*** Opening of LISTED RECORDS ***
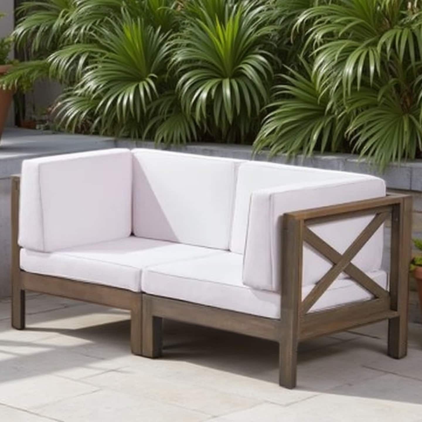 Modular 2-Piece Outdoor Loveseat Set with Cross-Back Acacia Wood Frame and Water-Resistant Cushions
*** Close of LISTED RECORDS ***
*** Opening of LISTED RECORDS ***
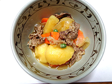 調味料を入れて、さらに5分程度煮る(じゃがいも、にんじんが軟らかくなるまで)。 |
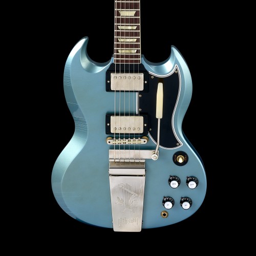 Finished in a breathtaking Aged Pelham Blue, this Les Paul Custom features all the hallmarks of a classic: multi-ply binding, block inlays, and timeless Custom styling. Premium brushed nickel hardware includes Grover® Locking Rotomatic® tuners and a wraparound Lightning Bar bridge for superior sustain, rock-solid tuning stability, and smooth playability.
*** Close of LISTED RECORDS ***
*** Opening of LISTED RECORDS ***
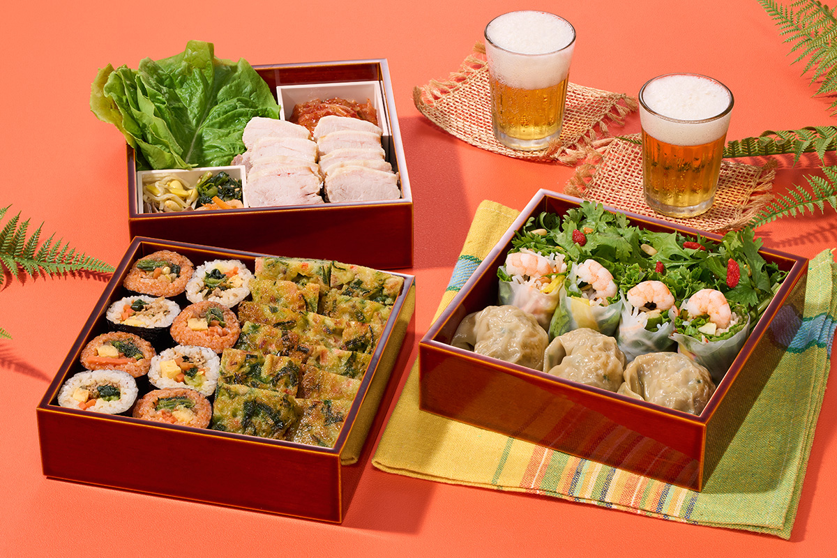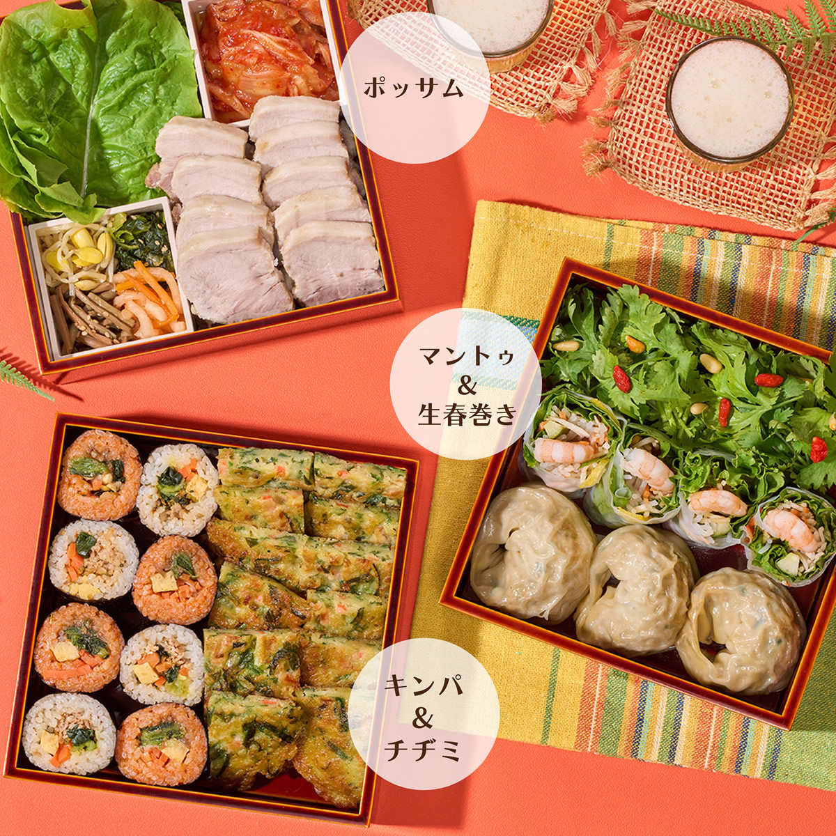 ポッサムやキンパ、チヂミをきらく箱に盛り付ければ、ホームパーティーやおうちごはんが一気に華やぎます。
*** Close of LISTED RECORDS ***
◆ GOAL OF THE EXERCISE: Starting at the line above that holds "調味料を入れて、さらに5分程", repeat every line exactly down to and including the line that holds "Finished in a", then stop. Do not carry over any pictures.

◆ ANSWER TO THE PROBLEM:
 調味料を入れて、さらに5分程度煮る(じゃがいも、にんじんが軟らかくなるまで)。 |
 Finished in a breathtaking Aged Pelham Blue, this Les Paul Custom features all the hallmarks of a classic: multi-ply binding, block inlays, and timeless Custom styling. Premium brushed nickel hardware includes Grover® Locking Rotomatic® tuners and a wraparound Lightning Bar bridge for superior sustain, rock-solid tuning stability, and smooth playability.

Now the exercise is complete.